### Data to use
- - -
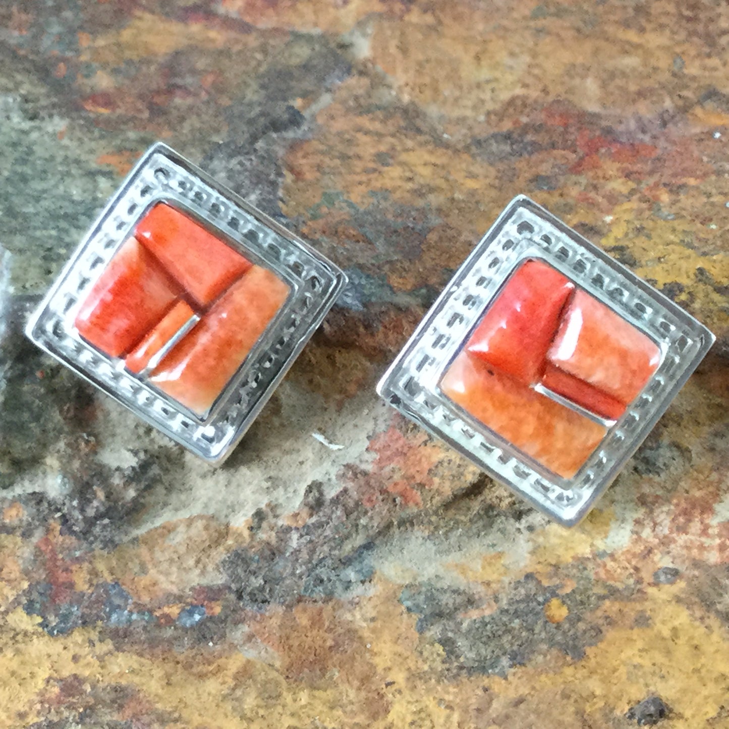 These gorgeous Sterling Silver Earrings, as part of the Desert Fire Collection, feature a Cobble Inlay pattern of Red and Orange Spiny Oyster Shell.
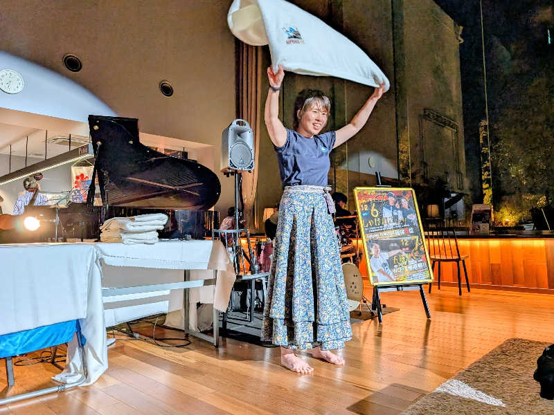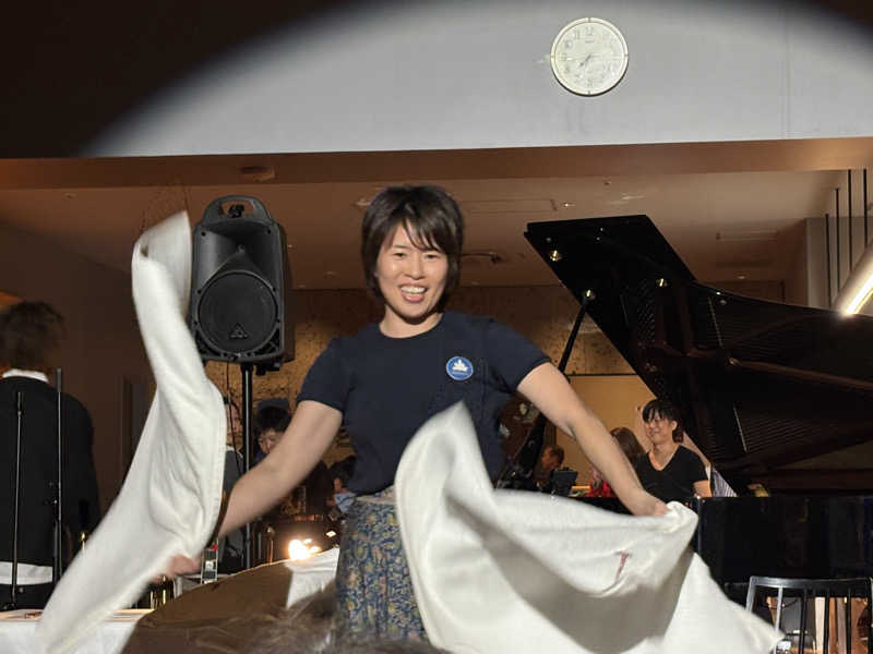 ベルガモットの香りに包まれて始まるクリスマスソング🎵コミカルなステップも入り、熱子さんが楽しそうにタオルを振って、お客さんはみんな笑顔に☺️
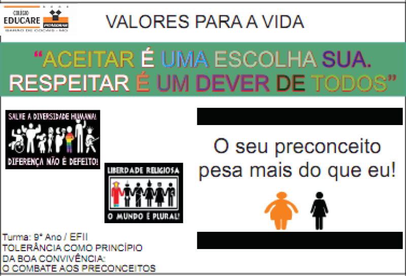 O Colégio Educare apresenta o 1º Projeto Interdisciplinar-Valores para a vida...
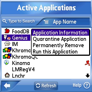 Here is the holding cell for suspect applications. The good news is that you can hold them here for as long as you need to and theyll never need good (or even mediocre) representation you dont even have to give them one phone call. Here again, clicking on the application will bring up a sub-menu giving you the choice of application information, activate the app (essentially de-quarantining it if thats even a word) and the option to permanently remove it.
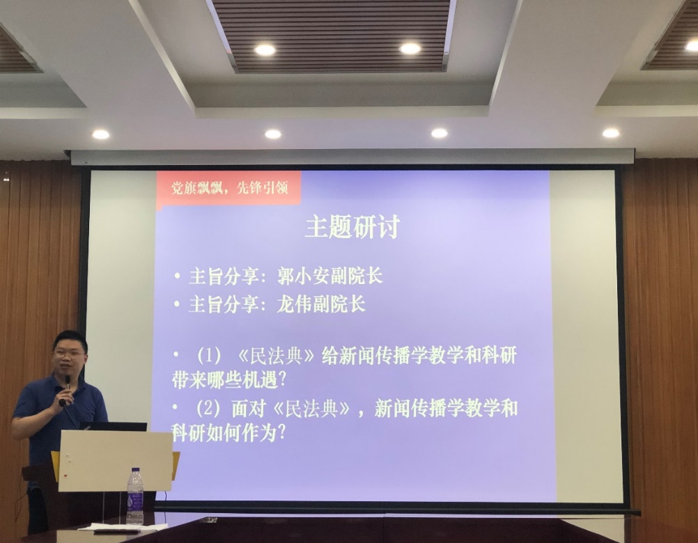 活动议程主要分为三项:第一,学习民法典整体内容和习近平民法典讲义;第二,民法典解读;第三,围绕《民法典》给新闻传播学教学科研带来的机遇以及如何应对这两个问题进行主题学习和研讨。教工支部书记李成波主持了本次学习研讨活动。
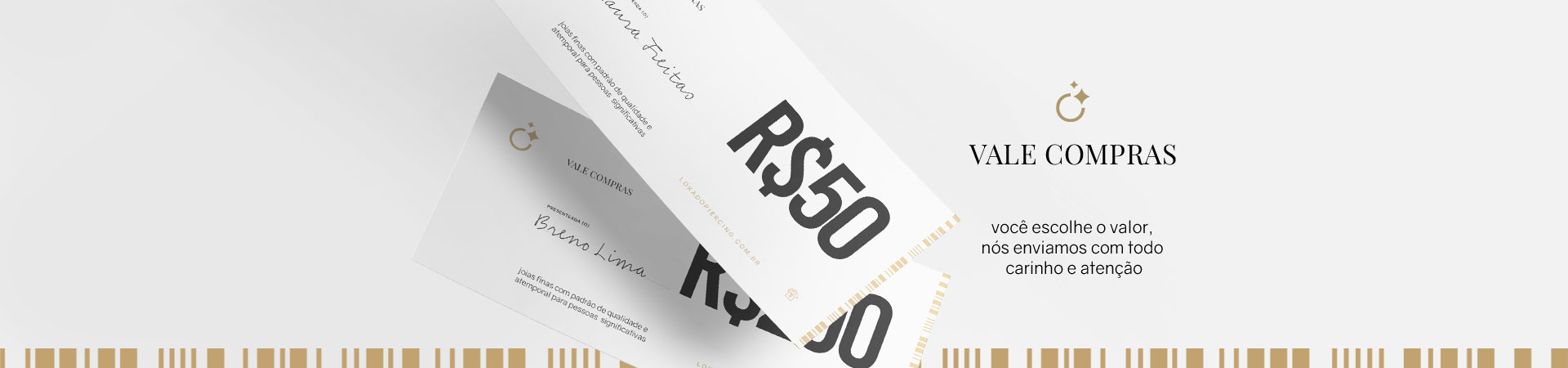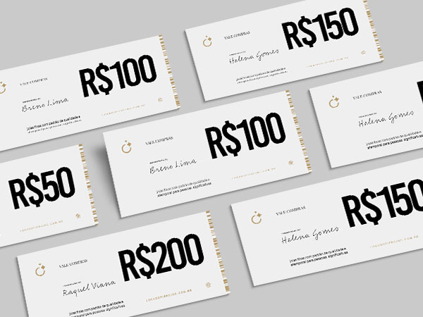 O vale poderá ser utilizado em compras na loja online, de acordo com o valor escolhido.
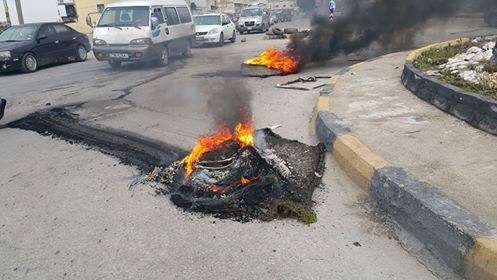 وقال شهود عيان : ان اشخاص اقدموا على حرق الاطارات واغلاق شارعا رئيسيا في الحي الشمالي على خلفية انتحار شاب ، بعد مصادرة البلدية لبسطة كان يعمل عليها .
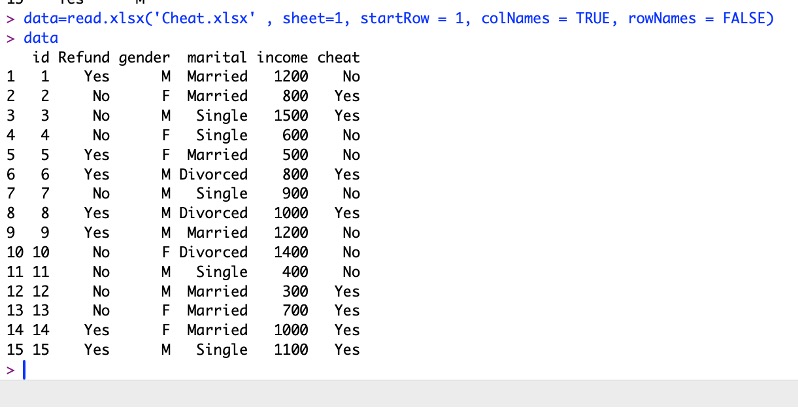 data= read.xlsx(‘Cheat.xlsx’ ,
- - -
### Work order
Pictures excluded, reproduce only the part above that opens with the line holding "ベルガモットの香りに包まれて" and closes with the line holding "O Colégio Educare", exactly as written.

### Answer space
 ベルガモットの香りに包まれて始まるクリスマスソング🎵コミカルなステップも入り、熱子さんが楽しそうにタオルを振って、お客さんはみんな笑顔に☺️
 O Colégio Educare apresenta o 1º Projeto Interdisciplinar-Valores para a vida...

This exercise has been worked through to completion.